I left Romania, arrived in Istanbul on August 2nd, felt good to be here despite seeing the immense economic stresses caused by this falling lira and political scene. I kept searching for answers. But this last week things started to click. I didn’t realize how much until today.  If you remember I had enrolled in the drawing academy, drawing course. One thing led to another, and after sending a series of drawings to the tutor because I could not get the concept taught, he offered to tutor me by sending me the exercises that address my faults directly. I was completely elated. So we started this exchange this week. I felt so validated and so thankful to have this personalized support as I am so determined to draw to the very best of my abilities, no matter what it takes.

a01

Then as part of my search, I went to the Udemy website they have courses on all imaginable subjects. There was a gigantic sale and for some reason, the courses in Turkey were charged in Turkish Lira, which means that what would cost $25 in Canada, cost me 25 TL (less than 5 bucks) So I bought a number of courses on topics I need to study, one of them, a “watercolor fundamentals” course (which I finished and which gave me so much knowledge!!)

Another one I got on a whim, it is a course on “how to manifest” by Ray Maor. I knew this guy from Youtube, I found him about 1 year ago, when I was looking into breatharianism, I had a sense that this was important to me.  This week I started and finished the fundamentals in watercolors course and started the next course which is about brush strokes.

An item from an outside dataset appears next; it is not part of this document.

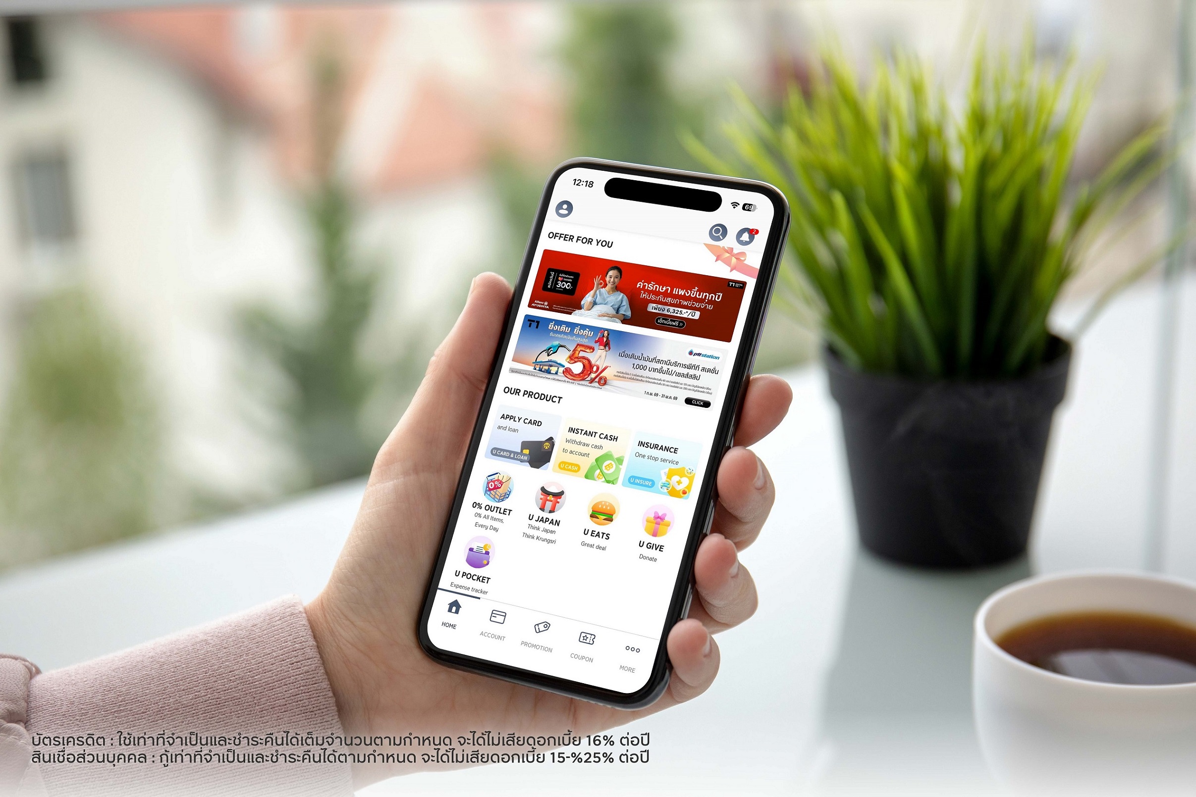 สำหรับช่วงเปิดตัวฟีเจอร์ “0% OUTLET” ในแอปพลิเคชัน UCHOOSE สมาชิกบัตรฯ สัมผัสประสบการณ์ช้อปปิงได้อย่างสะดวกและปลอดภัยบนแอปพลิเคชัน UCHOOSE ตั้งแต่ 1 มีนาคม 2569 - 30 กันยายน 2569 ผ่อนซื้อสินค้าผ่านฟีเจอร์ “0% OUTLET” รับสิทธิ์ผ่อนสินค้า 0% ทุกชิ้น พร้อมรับคุ้มอีก 3 ต่อ ต่อที่ 1 : หากผ่อนสินค้าชิ้นแรก รับส่วนลดทันที 33% จากยอดผ่อนชำระ สูงสุดไม่เกิน 500 บาท/เซลส์สลิป เพียงกรอกโค้ด “First” ที่ช่องคูปองในหน้าสรุปการผ่อนชำระ ต่อที่ 2 : หากทำรายการผ่อนระหว่าง 1 เมษายน 2569-30 พฤษภาคม 2569 รับเครดิตเงินคืนเพิ่ม 1,000 บาท เมื่อผ่อนชำระสินค้าผ่านบัตรฯ ตั้งแต่ 5,000 บาทขึ้นไป/เซลส์สลิป พิเศษ! ร่วมรับเครดิตเงินคืนสำหรับโปรโมชันผ่อนชำระจากช่องทางปกติ (เงื่อนไขเป็นไปตามที่บริษัทกำหนด) ข้อมูลเพิ่มเติม www.krungsriconsumer.com/0-percent-outlet ทั้งนี้ บัตรเครดิต : ใช้เท่าที่จำเป็นและชำระคืนได้เต็มจำนวนตามกำหนด จะได้ไม่เสียดอกเบี้ย 16% ต่อปี, สินเชื่อส่วนบุคคล : กู้เท่าที่จำเป็นและชำระคืนได้ตามกำหนด จะได้ไม่เสียดอกเบี้ย 15-%25% ต่อปี”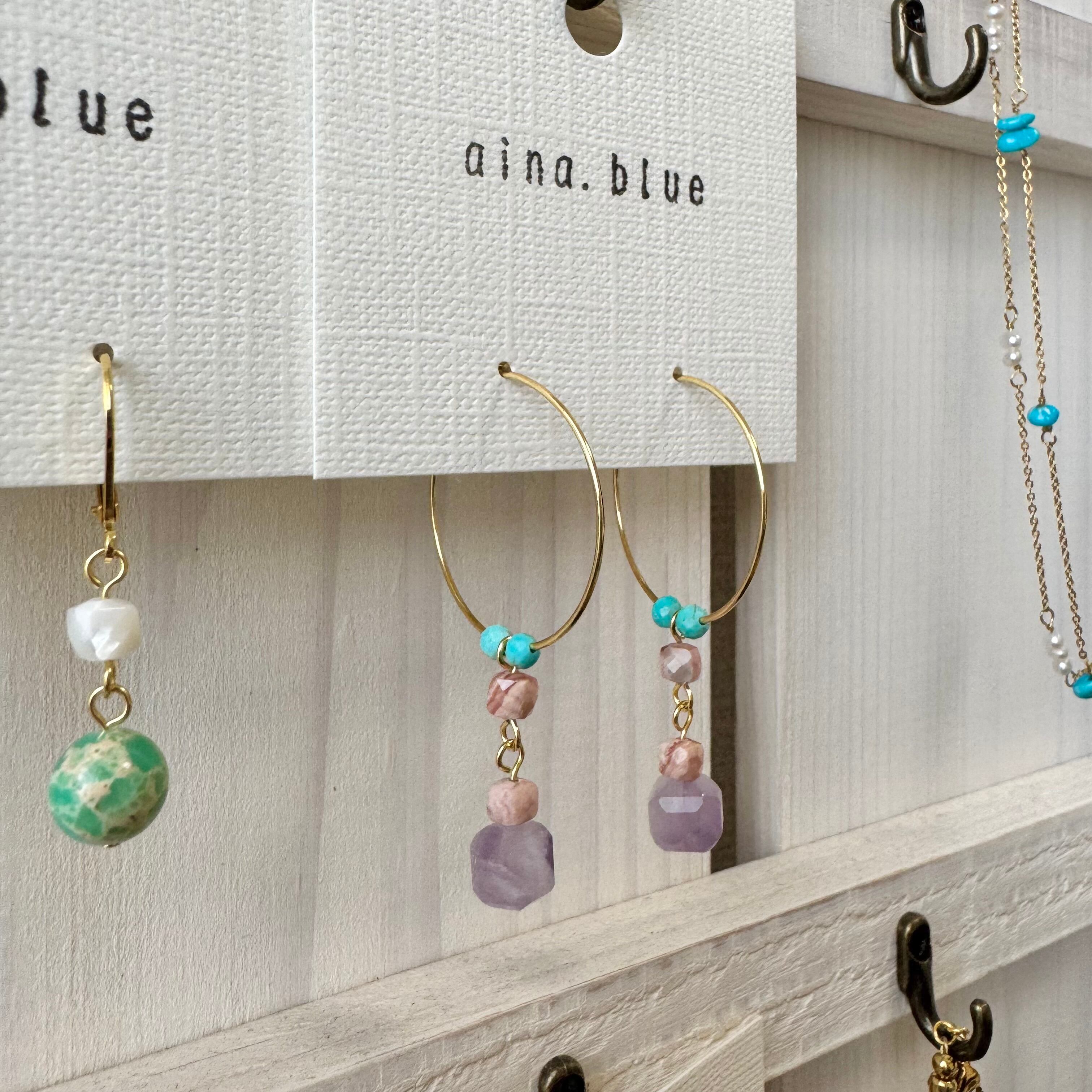 アメジストとインカローズ ターコイズのフープピアス

Yesterday I finished the Manifestation course. I actually teared up because it was over!  Now, how to explain? I did all the exercises, once again building lists about dreams and lists to make you aware of your blocks.  there were a few exercises, so simple they were mind boggling, but they totally made me see and experience the power of an idea, a thought. I knew this, but never quite experienced it this way.

a97

So, I was about to leave to Yalova on Sunday for the first Turkish Workaway.  I felt confusion and many things were colliding in my mind.  This brings me back to this morning.  I went for coffee, then suddenly, as if all the ideas, choices, desires, blocks found their place in the scheme of my life, I made all those decisions not quite with my intellect if more by the work of some sort of mind gravity that put all the pieces in their place.  I made some drastic decisions, decisions to serve my longings, my desires, my needs and not just to fulfill the need for a roof and food when one has no money.

I decided to stay.  I will not go do Workaway. I will get a flat, my flat. Apply for the the residence permit despite all the system changes and the widespread panic within the expat community. I will work and support myself, as I write I have 3 possibilities awaiting my answer. I am investing time in educating myself with courses, with my drawing tutoring, so I can get more qualified to do work I adore.
It is a huge bite,  a dramatic volte-face.  Yesterday, I had no idea, I was vacillating between ideas and very confused. Now I am set and it feels … Extraordinary. Life is getting better all the time; My health, my focus,  my work, my love, my aspirations. Today was an incredible example that anything is possible.  My main “job” is to stay “elevated” in the soul.  Keep seeing the beauty, the wonder, the incredible magic of this little trip on earth we call life.